In the listing that follows, find the line with "When the exhaust", then copy exactly from it through the line with "Протокол матча Насьональ против Прогресо", leaving out every picture.
*** SOURCE MATERIAL Section Begins ***
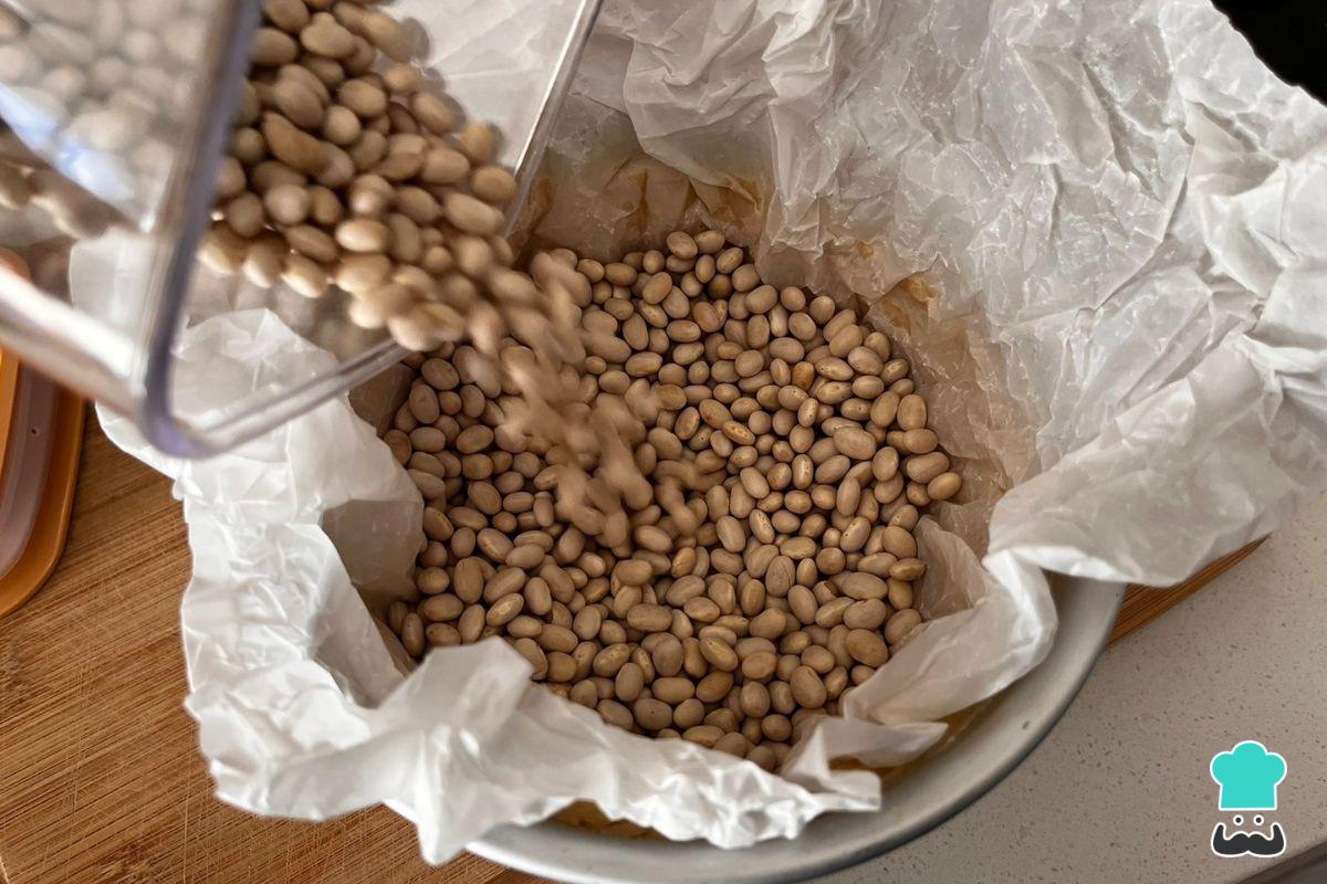 Arruga un papel de horno y colócalo sobre la mezcla de la base. Agrega legumbres secas para darle peso y hornea por 10 minutos a 180 °C. Mientras tanto, lava las manzanas, pélalas y córtalas en cubos.
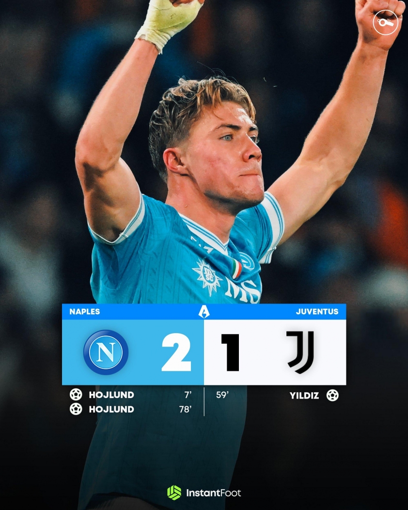 Trở thành người hùng tại sân Diego Armando Maradona, Hojlund chấm dứt chuỗi hai tháng tịt ngòi bằng màn trình diễn bùng nổ. Anh ghi bàn trong cả hai hiệp, qua đó giúp Napoli đánh bại Juventus 2-1, xen giữa đó là pha gỡ hòa tạm thời của Kenan Yildiz.
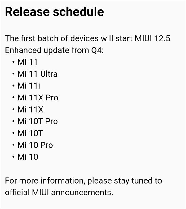 首批將于第四季度開(kāi)啟MIUI 12.5增強(qiáng)版更新。
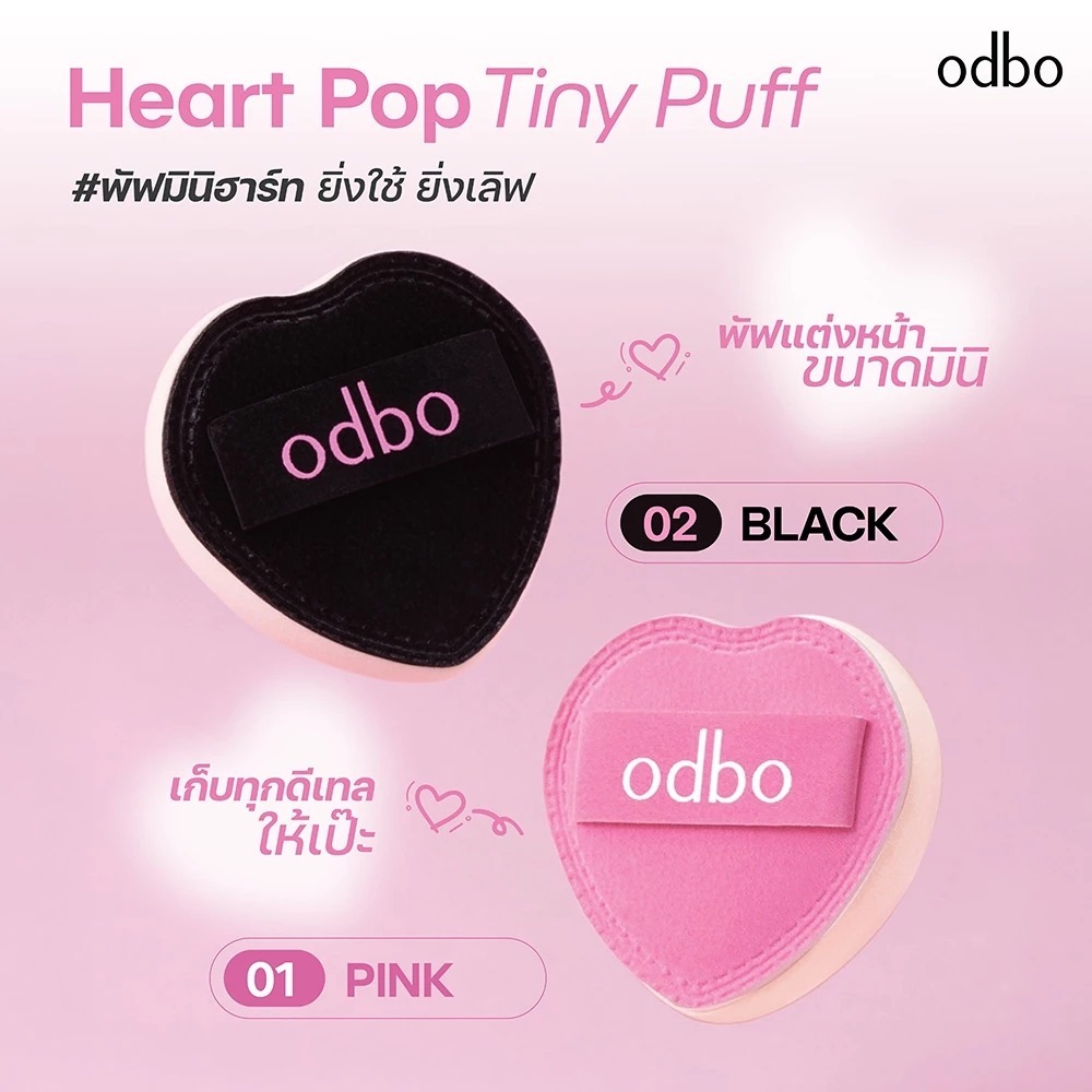 ถูก/แท้/มีไลฟ์ พัฟจิ๋ว ODBO Heart Pop Tiny Puff พัฟมินิฮาร์ท พัฟแต่งหน้า ทรงหัวใจ นุ่ม บางเบา ไซส์มินิ พกพาสะดวก
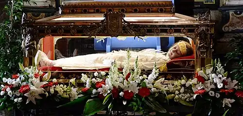 Sie bekam ein sanftes Gesicht mit geschlossenen Augen und wurde wieder in „ihre“ Kirche gebracht, wo sie unter dem Hochaltar ihren Platz fand.[16]
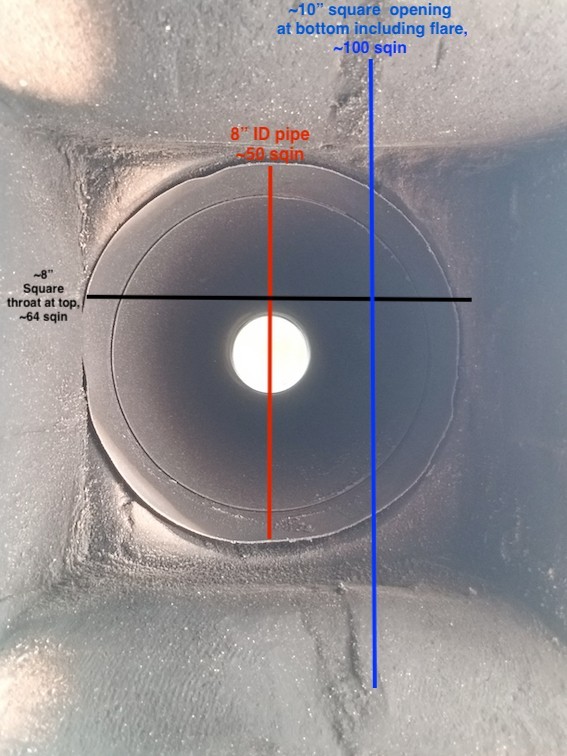 When the exhaust comes out of the oven and into the landing, it sees a 10" square (100 sqin) opening that flares to an 8" (64sqin) square opening. That then transitions to the 8" (50sqin) round opening at the anchor plate. It flows well, I have no smoke stains on my front arch after several years of fires.
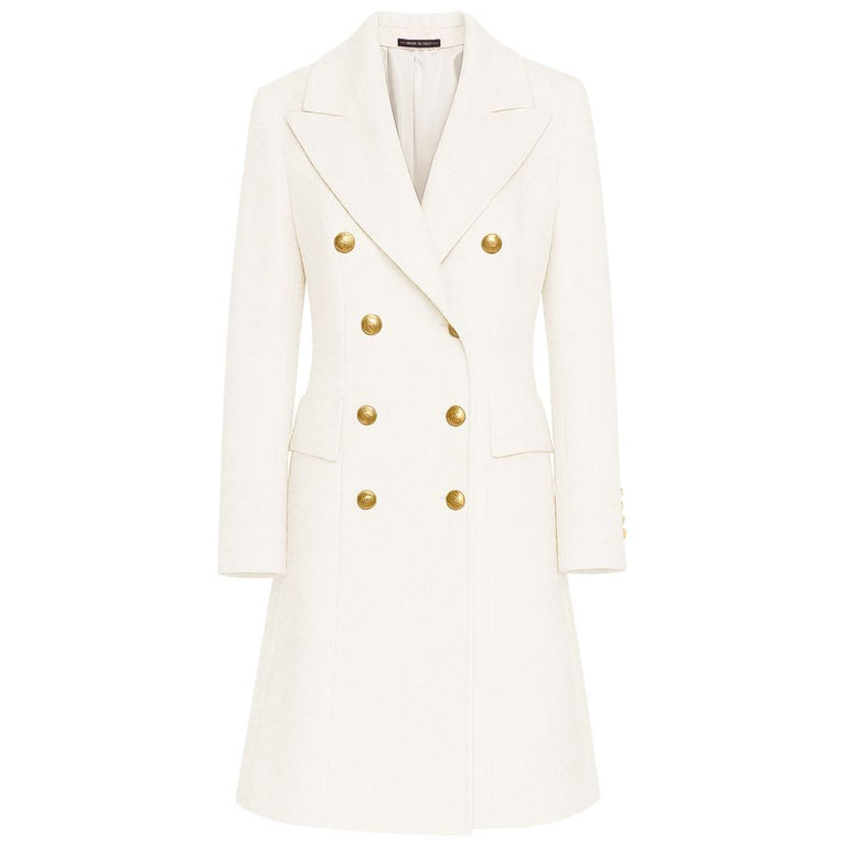 Elevate your outerwear collection with this pristine white double-breasted coat from Made in Italy. Crafted with sumptuous Loro Piana fabric, this virgin wool masterpiece exudes sophistication with sharp peak lapels and lustrous gold buttons. Its meticulous design includes two flap front pockets and a classic breast pocket, all brought together with a refined internal lining. Experience unparalleled Italian craftsmanship with this luxurious garment.
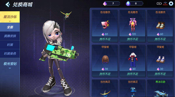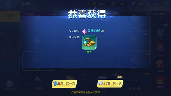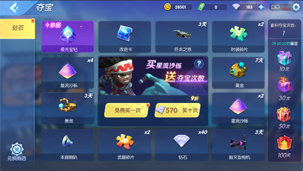 在夺宝中购买的星流沙砾以及获得的极光宝钻,可以在夺宝的兑换商城中兑换永久的极品武器、武器皮肤、时装、时装染色等相关物品。
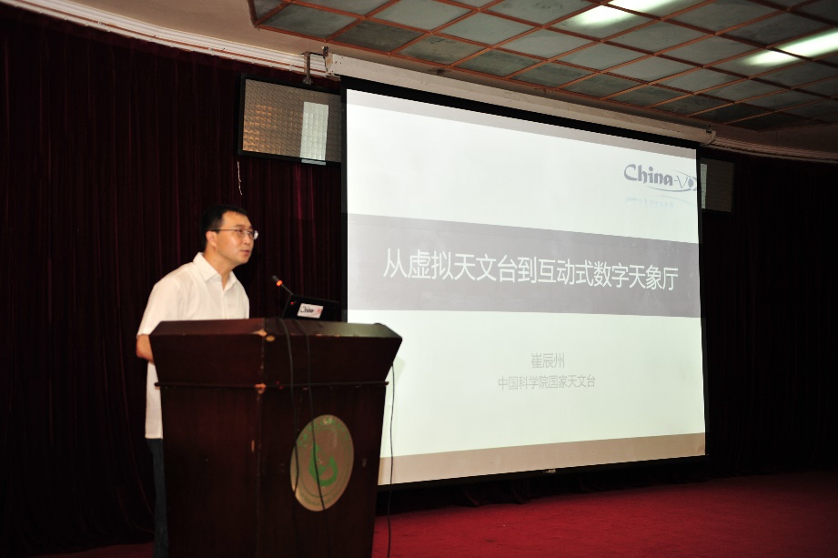 验收会结束后,中国虚拟天文台负责人、国家天文台崔辰州博士为华师附中天文社成员做了《从虚拟天文台到互动式数字天象厅》的讲座。崔博士从大数据时代开始,给同学们讲解了世界各地和中国目前的重大天文研究计划、天文台站的分布和工作情况,丰富的照片和视频资源让同学们开阔了视野,对虚拟天文世界有了新的认识。崔博士说:“中国望远镜的观测能力,加上中国的计算能力,将通过互联网分享给全世界的天文科研工作者及爱好者。这正是我们所追求的普惠科技和无法计算的价值。”
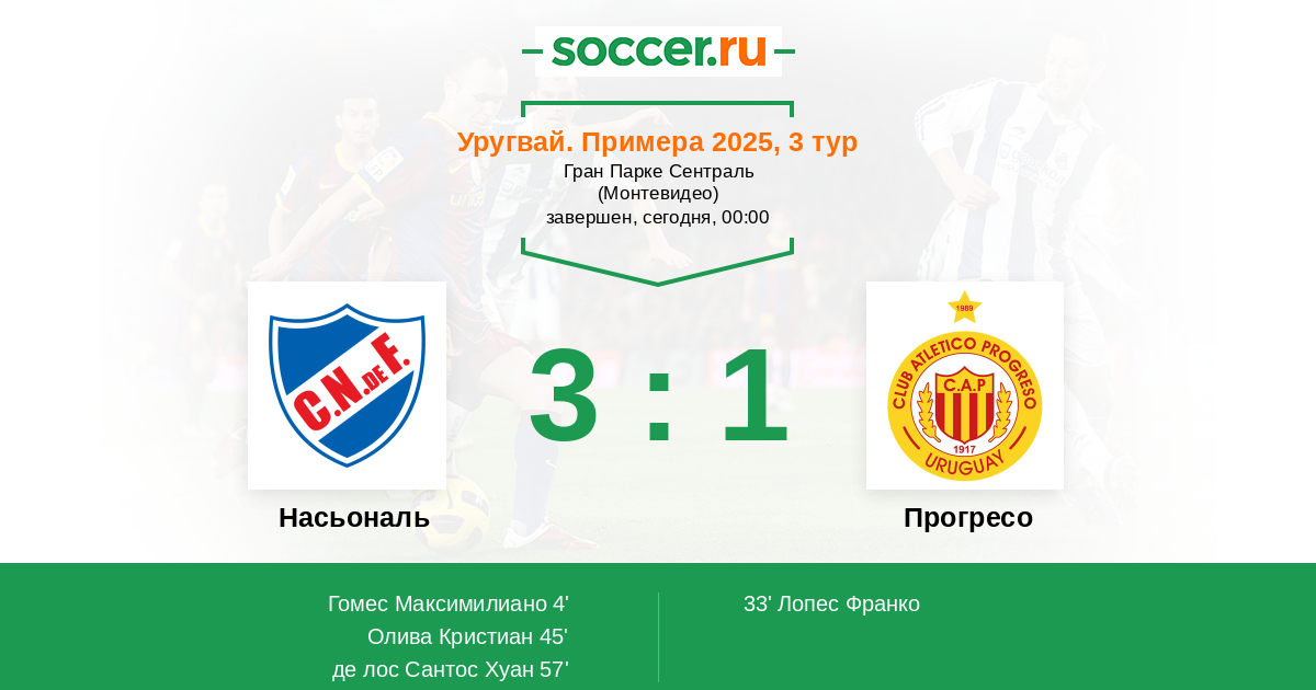 Протокол матча Насьональ против Прогресо
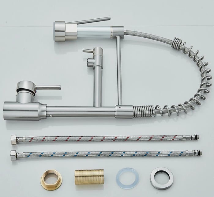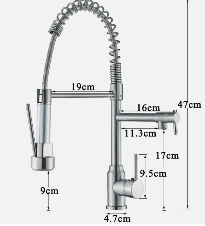 This professional-style kitchen mixer tap is designed to deliver maximum performance, flexibility, and modern aesthetics. Featuring a high-arc spring spout and a pull-down spray head, it provides excellent reach and control, making everyday kitchen tasks faster and easier.The dual spray function allows you to switch effortlessly between a steady stream and a powerful spray, ideal for rinsing dishes, cleaning the sink, or filling large pots. Finished in elegant brushed nickel, the tap offers a contemporary look while resisting fingerprints and water stains.Built with a durable ceramic cartridge and supplied with standard G 1/2" female flexible hose pipes, this tap ensures smooth operation, reliable performance, and easy installation in most kitchen setups.
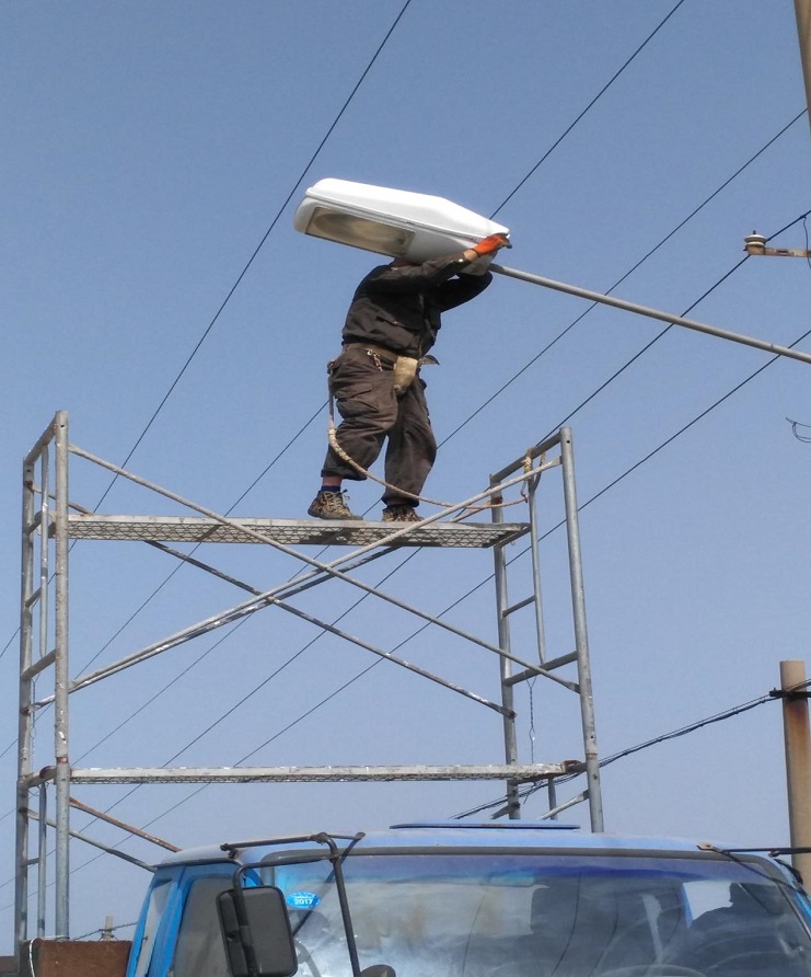 為保證日曬鹽公司職工夜間上班安全,機電服務(wù)公司接到任務(wù)后,及時組織技術(shù)人員對道路路燈進行檢查,確定修理方案, 該公司職工能放棄休息日,進行搶修。共更換引線10盞,換燈泡20只。(圖為5月7上午開始修理現(xiàn)場)
*** SOURCE MATERIAL Section Ends ***
WRITTEN ANSWER
 When the exhaust comes out of the oven and into the landing, it sees a 10" square (100 sqin) opening that flares to an 8" (64sqin) square opening. That then transitions to the 8" (50sqin) round opening at the anchor plate. It flows well, I have no smoke stains on my front arch after several years of fires.
 Elevate your outerwear collection with this pristine white double-breasted coat from Made in Italy. Crafted with sumptuous Loro Piana fabric, this virgin wool masterpiece exudes sophistication with sharp peak lapels and lustrous gold buttons. Its meticulous design includes two flap front pockets and a classic breast pocket, all brought together with a refined internal lining. Experience unparalleled Italian craftsmanship with this luxurious garment.
 在夺宝中购买的星流沙砾以及获得的极光宝钻,可以在夺宝的兑换商城中兑换永久的极品武器、武器皮肤、时装、时装染色等相关物品。
 验收会结束后,中国虚拟天文台负责人、国家天文台崔辰州博士为华师附中天文社成员做了《从虚拟天文台到互动式数字天象厅》的讲座。崔博士从大数据时代开始,给同学们讲解了世界各地和中国目前的重大天文研究计划、天文台站的分布和工作情况,丰富的照片和视频资源让同学们开阔了视野,对虚拟天文世界有了新的认识。崔博士说:“中国望远镜的观测能力,加上中国的计算能力,将通过互联网分享给全世界的天文科研工作者及爱好者。这正是我们所追求的普惠科技和无法计算的价值。”
 Протокол матча Насьональ против Прогресо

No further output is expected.